Ed Johnson, who is representing the homeless residents and serves as director of litigation at the Oregon Law Center, said the 9th Circuit’s ruling is consistent with Supreme Court precedent.

“This case is not about a city’s ability to regulate or prohibit encampments. That has always been permissible, is explicitly allowed under the Ninth Circuit’s ruling, and is not at issue here,” he said in a statement. “Nevertheless, some politicians and others are cynically and falsely blaming the judiciary for the homelessness crisis to distract the public and deflect blame for years of failed policies.”

Johnson added that the Constitution “does not allow cities to punish people for having an involuntary status, including the status of being involuntarily homeless.”

The 9th Circuit’s ruling applies to the states within its jurisdiction, including California and Arizona. Top officials from those states, including California Gov. Gavin Newsom, and major cities including Phoenix, San Francisco and Los Angeles, urged the Supreme Court to step in.

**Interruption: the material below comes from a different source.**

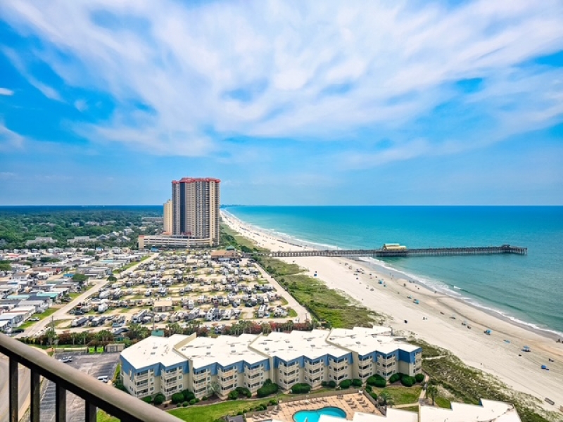 Experience views every day from one of these two large balconies. Enjoy the sunrise and look down the Atlantic coastline into North Carolina. This two-bedroom, two-bathroom residence is fully furnished with over 1,800 square feet. The kitchen has granite countertops and stainless-steel appliances. Large primary bedroom with sitting area, walk-in closet, split bedroom plan. Open floor plan for entertaining and a view from every room. Underground parking, 24-hour security. $695,000

“San Francisco uses enforcement of its laws prohibiting camping and sleeping at designated times and in certain (but by no means all) public spaces as a tool to encourage individuals experiencing homelessness to accept services and to help ensure safe and accessible sidewalks and public spaces,” lawyers representing the City and County of San Francisco told the court in a filing. “By restricting San Francisco from enforcing its laws that preserve public spaces for the use of all City residents, the district court has made it more difficult to provide services to persons experiencing homelessness.”